Case ID: so2d_736/html/0798-01.html
Source: Caselaw Access Project
Author: {"author": "NORTHCUTT, Judge.", "license": "Public Domain", "url": "https://static.case.law/"}
Date Created: 2024-08-24T03:29:51.129683

AD MILLER ASSOCIATES, INC., a Florida corporation, and Addison Miller, Appellants, v. Donna GLYNN, Appellee.
    No. 98-01810.
    District Court of Appeal of Florida, Second District.
    July 14, 1999.
    
      Lawrence J. Marraffino of Lawrence J. Marraffino, P.A., Gainesville, for Appellants.
    Cynthia Byrne Hall of Silverio & Hall, Naples, for Appellee.
   NORTHCUTT, Judge.

Ad Miller Associates and Mr. Miller challenge the circuit court’s refusal to set aside a default entered against them for their failure to file a pretrial statement and to attend a pretrial conference. We reverse.

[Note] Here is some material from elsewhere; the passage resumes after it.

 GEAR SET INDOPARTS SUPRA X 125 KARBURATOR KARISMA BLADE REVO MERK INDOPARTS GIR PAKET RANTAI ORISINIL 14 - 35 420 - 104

This case was originally set for trial during the two-week period beginning June 3, 1997. The case was not reached on that trial docket, and on August 11, 1997, the court reset the trial for a five-week period beginning on March 3, 1998. The order setting trial required the parties to file a pretrial order by February 10, 1998, or, if the order was not filed, to appear at a pretrial conference on February 13,1998.

In January 1998, the defendants, Ad Miller and Mr. Miller, were in the process of changing counsel. The substitution of counsel was not actually executed until February 18, 1998, and the court’s order approving the substitution was not entered until March 3. Attorney Clement, who was counsel of record on February 10 and February 13, did not file a pretrial order or attend the conference. On February 23, 1998, the plaintiff, Ms. Glynn, served Ms. Clement with a motion for entry of default against the defendants and a notice of hearing on the motion for March 24, 1998. The defendants’ new counsel, Mr. Colgrove, failed to attend that motion hearing, which took place after he became counsel of record. The circuit court entered a default against Ad Miller and Mr. Miller, and refused to set it aside.

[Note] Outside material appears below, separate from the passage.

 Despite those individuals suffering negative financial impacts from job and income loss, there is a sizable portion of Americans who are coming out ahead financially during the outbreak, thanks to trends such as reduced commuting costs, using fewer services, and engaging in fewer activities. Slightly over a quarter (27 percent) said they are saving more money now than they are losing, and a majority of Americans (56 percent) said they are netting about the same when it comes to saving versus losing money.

A default is the most serious sanction that can be imposed on a defendant. It should be reserved for occasions where the conduct supporting the sanction is flagrant, persistent, willful or otherwise aggravated. See Alvarez v. Alvarez, 638 So.2d 153 (Fla. 2d DCA 1994). While we do not condone counsels’ behavior, we hold that the court abused its discretion in entering a default against the defendants. As in Alvarez, the record here does not establish that Ms. Glynn suffered any prejudice from the defendants’ failure to file the pretrial order or attend the conference, that the defendants disregarded other court orders or that their failure to obey the August 11, 1997 order was flagrant in any way.

Moreover, when a party fails to comply with a pretrial order, the sanctions must be commensurate with the offense. See id. at 153; Insua v. World Wide Air, Inc., 582 So.2d 102 (Fla. 2d DCA 1991). This case previously had been set for trial and continued. Before the initially scheduled trial, the defendants had filed a witness list. A more appropriate sanction for the defendants’ violation of the court’s order would have been to restrict them to the witnesses previously identified. We reverse the default and remand for further proceedings.

Reversed and remanded.

ALTENBERND, A.C.J., and BLUE, J., Concur.